• **What is expected**:
Everything in the entries below should be restated exactly, except for the pictures.

• **Available data**:
▬▬▬▬▬▬

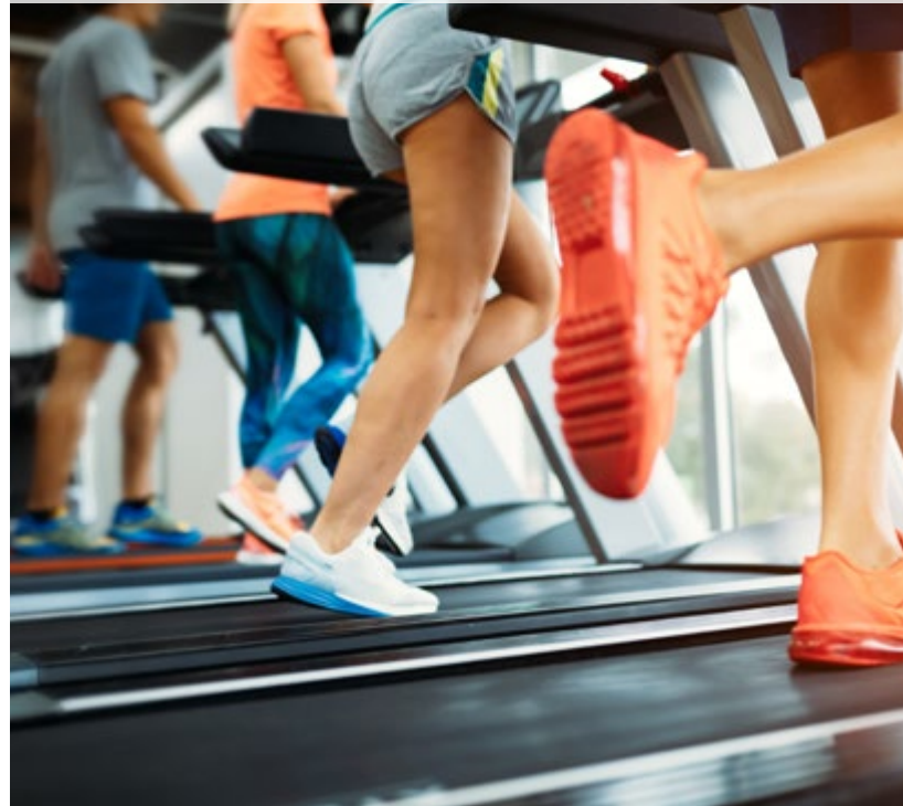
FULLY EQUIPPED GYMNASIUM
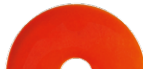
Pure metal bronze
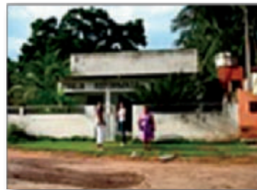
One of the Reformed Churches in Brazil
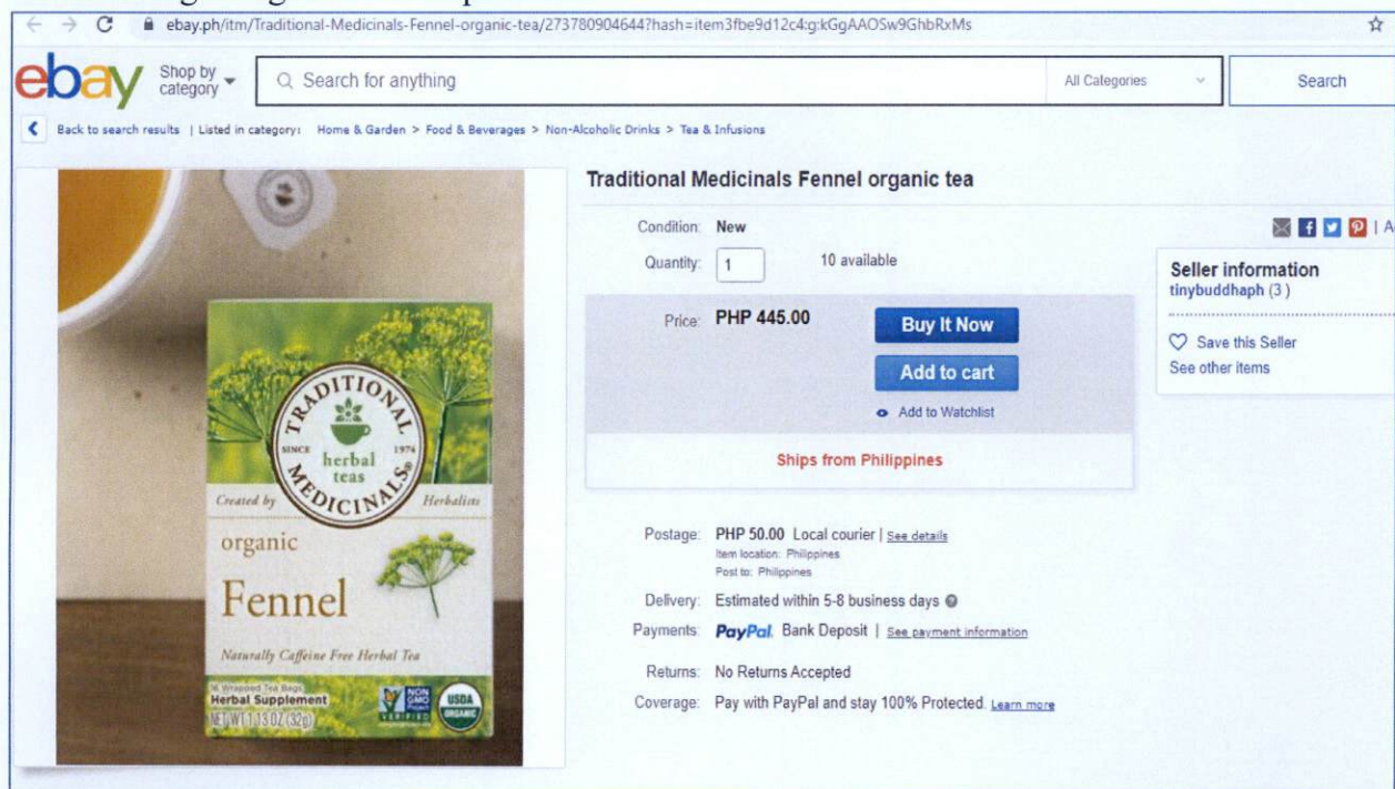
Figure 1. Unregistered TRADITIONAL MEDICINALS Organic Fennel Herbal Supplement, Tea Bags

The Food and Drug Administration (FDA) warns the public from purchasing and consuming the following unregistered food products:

▬▬▬▬▬▬

• **Solution to this problem**:
FULLY EQUIPPED GYMNASIUM
Pure metal bronze
One of the Reformed Churches in Brazil
Figure 1. Unregistered TRADITIONAL MEDICINALS Organic Fennel Herbal Supplement, Tea Bags

The Food and Drug Administration (FDA) warns the public from purchasing and consuming the following unregistered food products:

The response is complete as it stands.